2007年9月16日 (日)

最近のソフトウエア

 ソフトウエアは昔に比べると格段に安くなった。25年前にはワープロソフトが10万以上していたし、データベースも確か20万近かった。当時、会計や給与の業務ソフトはまだPC向けにはなかったと記憶している。

 字が大変下手な私は、ワープロを使わずに、手書きで社内の書類や得意先への見積もりや提案書が書けなかった。しかたなく40万近く払って自腹でPCとソフトを購入して会社で使っていた。「必要は発明の母」ではないが、字が下手なのが幸いして、PCとの長い付き合いが始まったのである。

 入社して数年後、会社での事務処理もオフコンを導入することになった。当時はまだPCは趣味の世界だった。今では10万円で買えるような性能のオフコンが1000万近くした。さらにコボルでソフトを作ってもらうのにも1000万以上かかり、毎月のリース代が50万位していた。

 リース料を考えるとパートさんを10人雇って事務処理してもらうほうが安かった。しかし得意先とのオンライ受発注を考えるとコンピューター化はせざるを得なかった。そのお陰で会社の業績は急進したのだから。オンライ受発注を当社が出来るため、オンライシステムを持たない他社が、商品を売り込みに行っても受発注が出来ないので、当社のシステムを通して受発注されることになり口銭が入り続けるのである。

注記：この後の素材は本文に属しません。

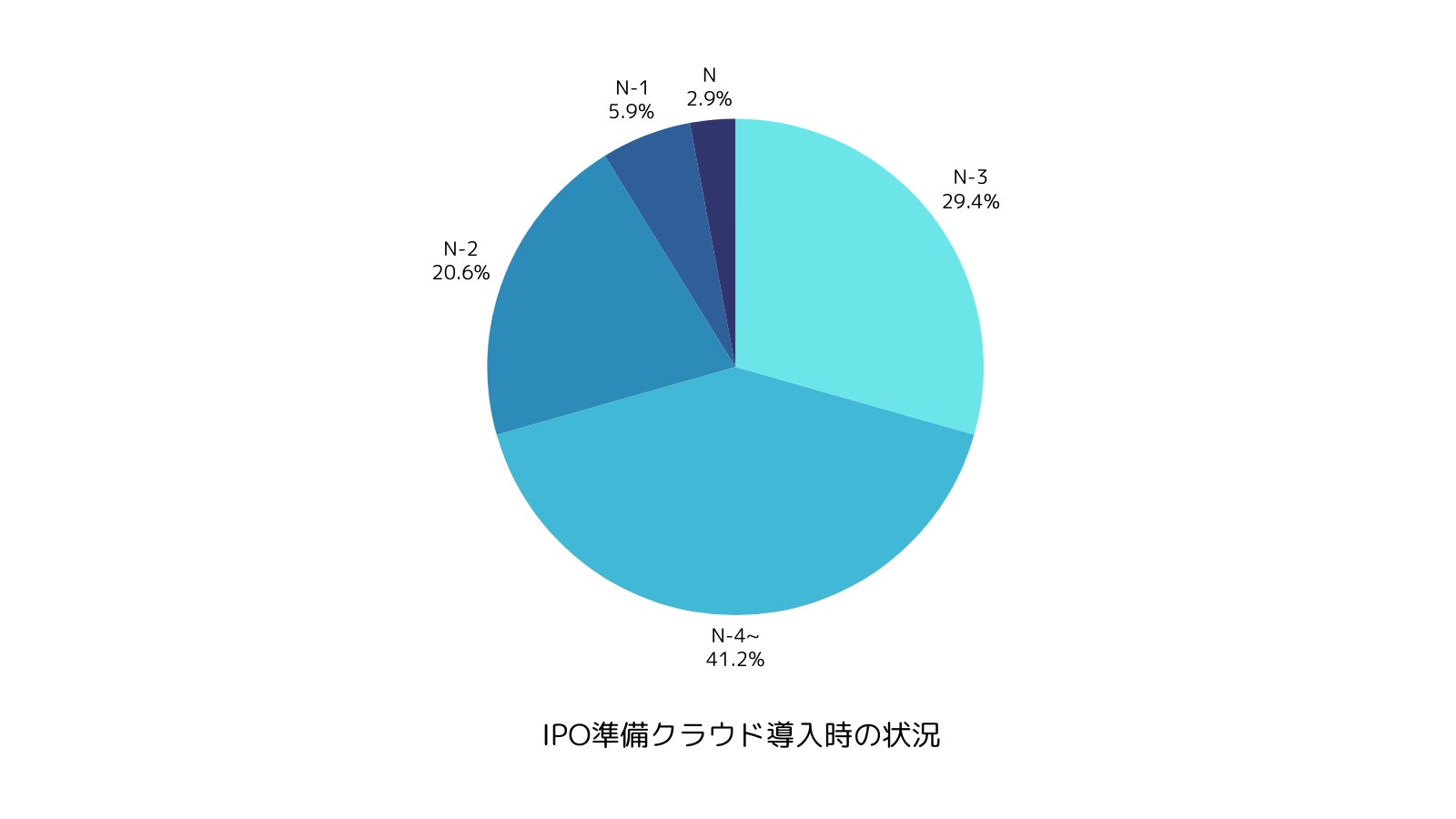IPO(新規上場)目標年をN期として、その4期以上前(N-4期)に「IPO準備クラウド」を導入した企業が全体の41.2%で、次いで3期前(N-3期)の企業が29.4%でした。

 そんな高いリースも6年経ちリース切れになるときがやってきた。リースといえば聞こえがいいが、要は資金不足で高額なシステムを購入できないので分割払いをしているにすぎない。それも高利である。だから6年払い終わるとかなり余分に利息を取られている。そして分割払いではないので所有権はリース会社の物なので終わると返さないといけない。高額な分割払いが実態のリース切れ後は再リースと言って10分の一くらいの値段をさらに払い続ける必要があった。当然、コンピューターの性能向上は目覚しく、汎用性のないオフコンは再リースしなければゴミと化した。

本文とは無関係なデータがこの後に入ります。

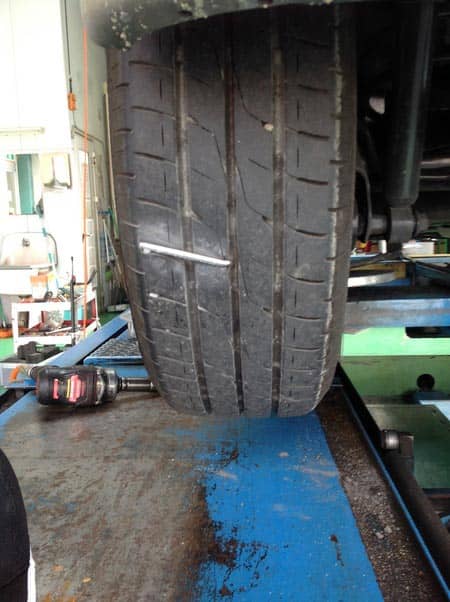 本日パンク点検で御来店されたお客様のタイヤに、なんと六角レンチが刺さっていました!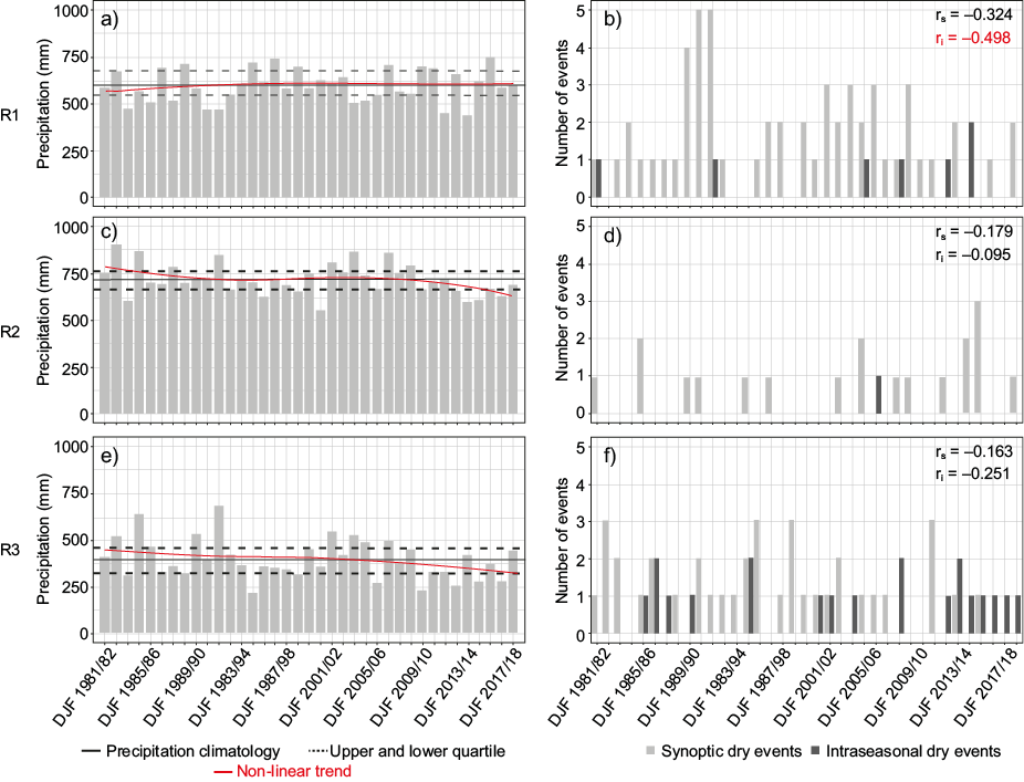 The interannual variations of the DJF precipitation for each of the three homogeneous precipitation regions (R1, R2, and R3) are presented in figures 6a, 6c, and 6e (left side), respectively. A non-linear trend in these series, calculated using the LOESS regression (Cleveland et al., 1992), is drawn as a red line. For the same regions, respectively, in figures 6b, 6d, and 6f (right side), the interannual variations of the number of SDEs and IDEs identified by the CDDM and the VTM are shown. The correlation indexes of the interannual variation in the precipitation series with the interannual variations of the number of SDEs (rs) and the number of IDEs (ri) for each region are also presented. The figures are shown side by side, according to the region, to show the relationship between the dry events and the precipitation deficits.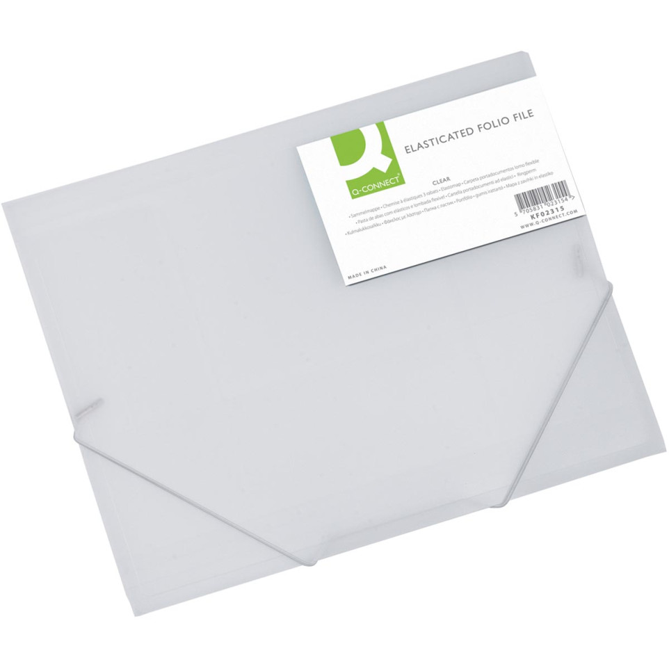 La farde à rabats Q-CONNECT est une chemise en plastique transparent format A4 (24,5 x 32 cm), dotée de trois rabats et d’élastiques, conçue pour organiser et protéger vos documents au bureau comme à la maison.

 リース切れが迫り、私は高額なNECのオフコンを再購入するのではなく、やっと業務でも使えるようになりだしたPCでシステムを組むことを提案した。しかし、当時PCで業務ソフトを組むようなソフトハウスは少なく適当な、言いだしっぺの私がすることになった。オンラインでの受発注の通信プロトコルを勉強し、データベースソフトをマクロでプログラムして、さらにはfaxソフトで自動請求システムを組み、それらをNetwareでLANを組んだ。もちろん当時はMSDOSの世界で動作はWINDOWSより安定していたし、原因が特定できた。もちろん業務システムなのでHDはRAIDシステムで保護した。

 ソフトの開発に1年以上かかりテスト運用と修正に半年掛かったが、PC端末5台とサーバーにネットワークを組み込み全ての機材で150万ほどで済んだ。新しいオフコンの見積もりの実に10分の一以下であった。

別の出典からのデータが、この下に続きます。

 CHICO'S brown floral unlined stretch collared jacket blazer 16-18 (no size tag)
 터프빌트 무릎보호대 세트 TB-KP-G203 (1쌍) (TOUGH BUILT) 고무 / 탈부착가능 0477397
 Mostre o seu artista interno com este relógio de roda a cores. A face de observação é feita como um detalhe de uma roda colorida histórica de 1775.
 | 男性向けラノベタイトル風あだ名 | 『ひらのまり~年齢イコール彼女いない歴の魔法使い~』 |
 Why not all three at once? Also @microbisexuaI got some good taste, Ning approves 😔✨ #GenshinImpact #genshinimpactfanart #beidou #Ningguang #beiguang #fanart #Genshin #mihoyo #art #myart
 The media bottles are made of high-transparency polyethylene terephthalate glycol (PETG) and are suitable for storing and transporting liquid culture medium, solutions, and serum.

 ついでにバーコードリーダーとデータベースソフトで50人近くいた従業員のタイムカード管理も作り上げた。今まで給与計算に2-3日掛かっていたのが3時間ほどに短縮された。NECのソフト部門の課長からこのタイムカード管理のソフトを一般向けに開発しないかと誘いが来た。カードで出退勤をPCで管理してタイムカードを集計するのは誰も考えていなかったようだ。実用新案でも取っていれば儲かったかも知れないね。

 給与計算や会計などの業務ソフトは当時30万近くした。今では5万くらいからあるが、毎年ソフトを買うのに近い金額のサポート料を払わないといけない。それを考えると昔より高い!というのが実態だ。昨日も給与計算で使っている弥生からサポートが切れるからサポートを更新しろと脅迫のような電話があった。でも法令改正がない限り無用のサポートである。2年に一度の改正であれば新たに購入した方が安いのだ。

 60万社ほどが4万以上の年間サポート料を払っているそうだ。そうれだけで200~300億のお金が入ってくる。今までサポートなどで電話なんかしたことはほとんどない。電話をしたのは100%ソフトの不具合だった。ソフトのバグを教えてやってお金も取られるのではやってられない。この会社セコイことに、労働保険等の料率の変更が出来ないようにしてあるのだ。例えば5%が6%に変わったなら%を変更できるようにソフトを作ればいいのに変更できないようにしておいて、サポートを受けないと%を変更しただけのソフトが手に入らないようにしている。

 まったく悪戯な商売をしているのだ。そんな美味しい会社だから、買収してうまみを吸い取りまた転売して株主がころころと変わるのだ。